I submit that conservative worldviews arise from three primary character traits: dogmatism, selfishness, and fearfulness.

The first basic personality trait is the degree to which you are a situational or a dogmatic thinker. Liberals tend to be situational, weighing and balancing the nuanced competing ethics of a given situation. Conservatives tend to be dogmatic, enforcing strict, simplistic rules in accordance with their moral beliefs. Liberals are frightened by what they regard as mindless dogmatism, while conservatives view situational ethics as a dangerous lack of moral principles.

The second fundamental trait that influences our worldview is selfishness. Conservatives are essentially selfish in putting their self-interest and their beliefs first, whereas liberals tend to more strongly respect differences and emphasize the public good with the view that “it takes a village.”

Their third important trait is fearfulness. It is fearfulness that drives the conservative need for guns, for an insanely large military arm, and fear of immigrants and those unlike them.

Since the real motivations for conservative positions (dogmatism, selfishness, and fear) are not things that conservatives can acknowledge in themselves, they must come up with other rationales for their positions. This causes conservatives to vilify intellectualism and ridicule facts. It forces smart conservatives to defend their dogmatic, selfish, and fearful positions with stupid arguments. Smart people put forth stupid arguments to defend a selfish, anti-social culture of guns. Smart people put forth stupid arguments to defend a belief in god, to defend pro-life legislation, rampant militarism, economic Darwinism, and trickle-down economics.

Smart Christians like Ken Ham make stupid arguments to support their creationist beliefs. Ham insists that everything in the bible he agrees with is literal, while everything he disagrees with is figurative only (see here). Similarly, smart conservative supreme court justices claim that the Constitution must be interpreted literally when it supports them, but when it doesn’t support them they insist in an “original intent” interpretation that always happens to support their conservative views (see here).

The result is that we hear a lot of falsehoods and specious arguments in defense of a wide range of conservative positions that are all really rationalizations of dogmatism, selfishness, and fear.

Now wait a second, you may say. While conservatives may disagree with us liberals, they are simply good, well-intentioned people with sincere differences of opinion as to what is best for everyone. They sincerely believe their pro-life activism saves lives, that more guns are the solution to gun violence, and that a strong military prevents wars. You shouldn’t disparage them with negative characterizations of dogmatism, selfishness, and fear.

I would be inclined to believe that as well.

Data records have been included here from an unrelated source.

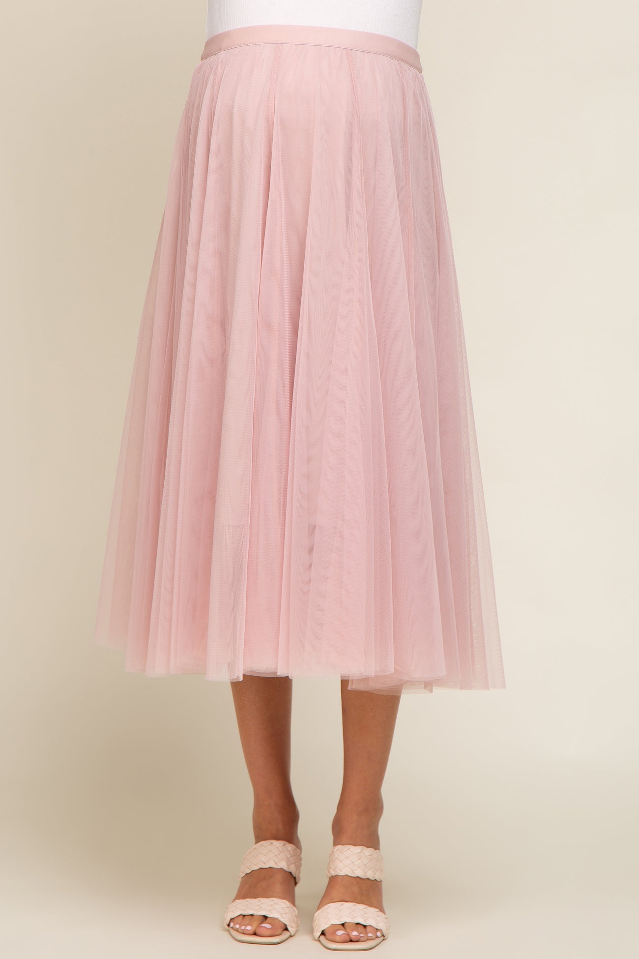 Light Pink Tulle Maternity Midi Skirt
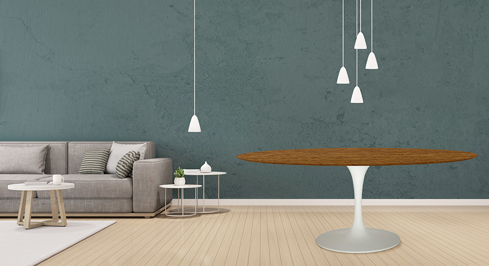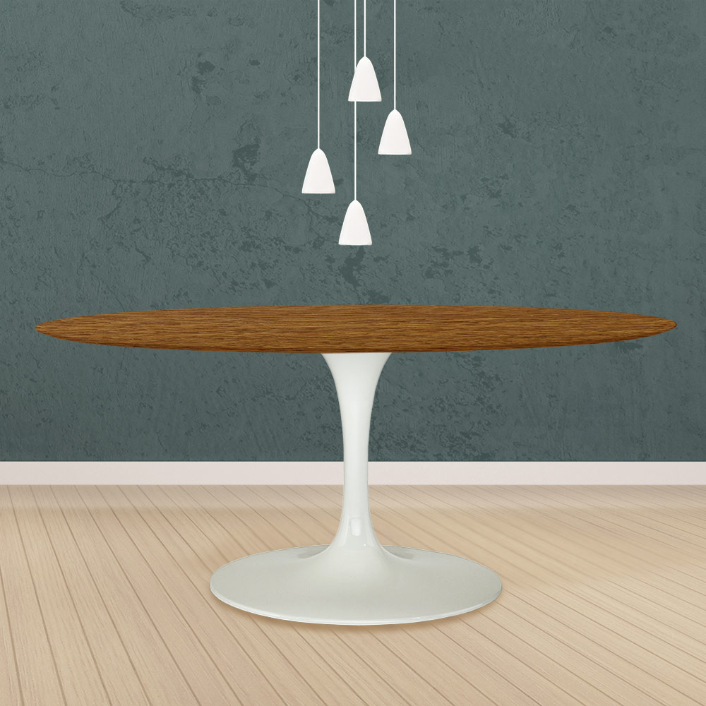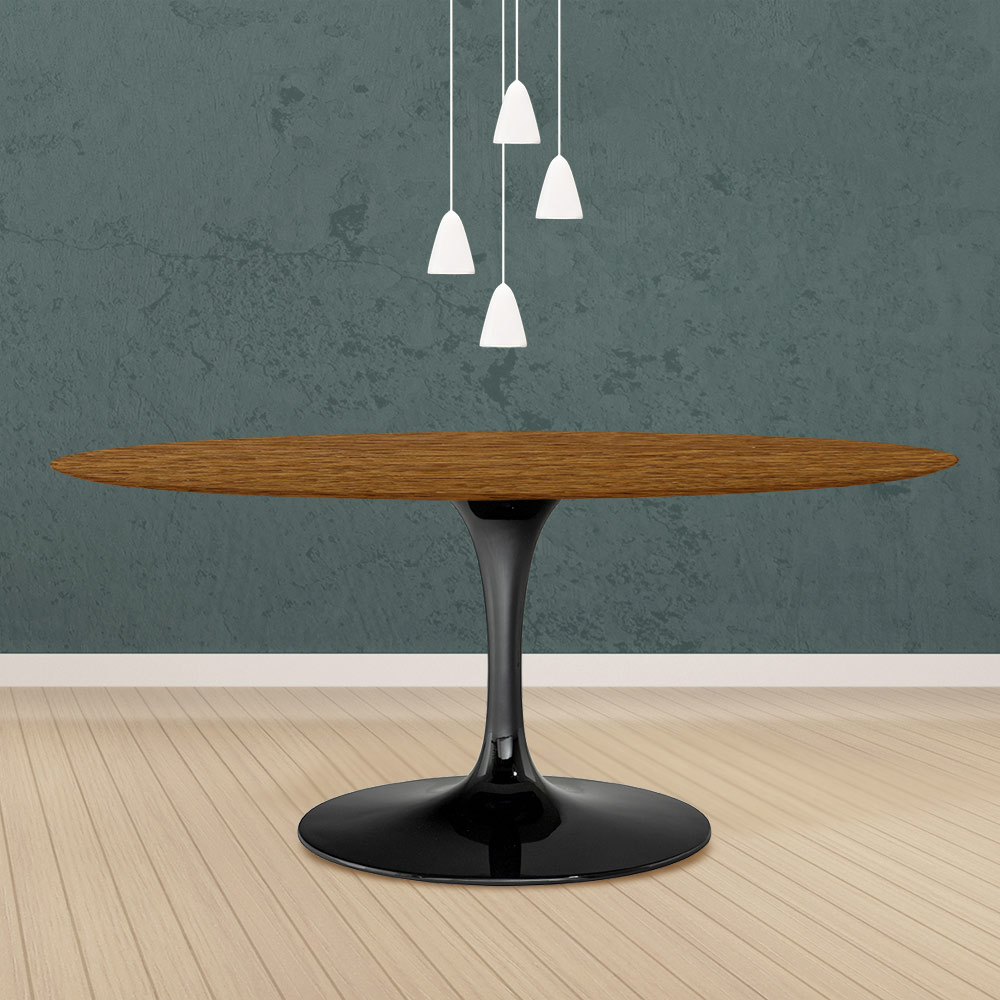 ovala formen och den ljusa valnötsbetsade ekskivan ger detta bord en
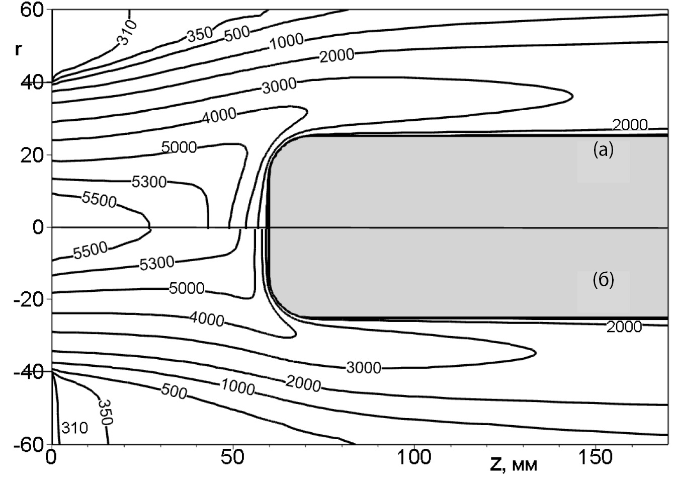 Далее представлены результаты расчетов по программе WBeta и их сравнение с расчетами без учета закрутки. На рис. 2 показаны изолинии безразмерной функции тока f (z, r), отнесенной к своему значению на стенке канала, в ядре струи для случая обтекания модели, расположенной на расстоянии Zm = 60 мм от среза разрядного канала плазмотрона, для режима малой мощности Nap = 20 кВт. Здесь и далее все расчеты проведены для давления P = 80 мбар. Верхняя часть рис. 2а — расчет с учетом закрутки, перед моделью при z > 50 мм образуется вихревая зона с отрицательными значениями функции тока и продольной компоненты скорости. Нижняя часть рис. 2б — расчет без учета закрутки, перед моделью нет вихревой зоны, а имеется относительно тонкий пограничный слой, функция тока и продольная компонента скорости положительные или равны нулю. На рис. 3 показаны изотермы T [K] при обтекании модели для того же режима, что и на рис. 2, с аналогичными обозначениями; а и б — результаты расчетов с учетом и без учета закрутки.
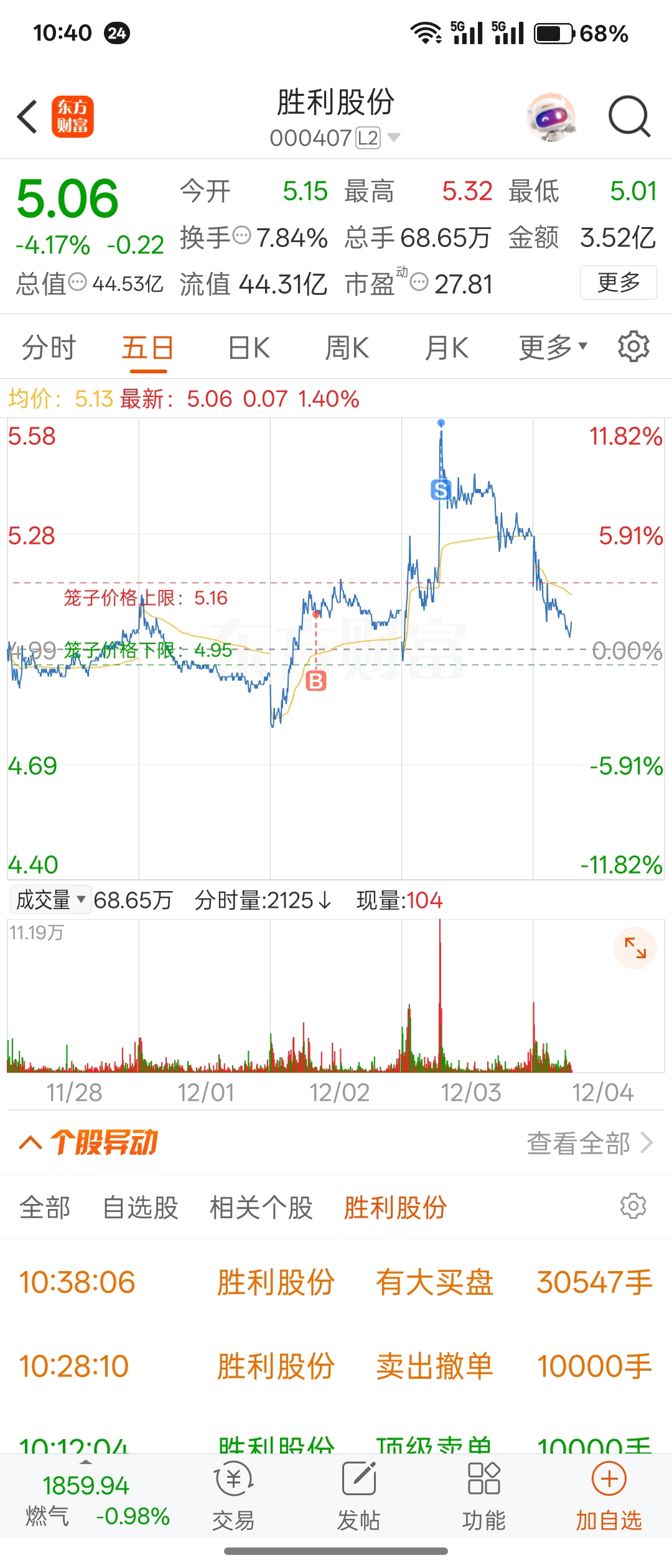 $胜利股份(SZ000407)$ 还好昨天跑的快

However, we have a disturbing “tell” that suggests otherwise. The fact that conservatives deny global climate changes signals to us that they have not simply reached a differing conclusion on this issue. The facts are so overwhelming on this, that their denial can only be driven by strong underlying traits, particularly selfishness. They simply care more about being able to burn all the fossil fuels they want, make all the money they want today, and heck with tomorrow for the entire world. Since few are willing to claim that CO2 is actually good for the planet, the others simply deny, deny, deny.

The fact that conservatives can deny facts and rationalize their denial of climate change makes it likely that all their other arguments are similarly driven by underlying traits including dogmatism, selfishness, and fear. Their denial of climate change suggests that conservatives do not merely reach different conclusions given the information they are exposed to, rather they limit their information and formulate rationalizations to defend their dogmatism, selfishness, and fear. Climate change tells us that these traits are strong in conservatives, and those traits cannot help but drive their positions on other important issues as well.

If we liberals wish to push back on these critical issues, we need to stop debating specious and shifting secondary arguments and start to deal more directly with these fundamental character drivers.


Norman Coordinate!

I watched the 3rd Republican debate with great amusement. As comedy it was pretty entertaining I must admit. But as a rational debate of public policy it was pretty sad. Beyond all the usual comments about their performance art, a few things jumped out at me.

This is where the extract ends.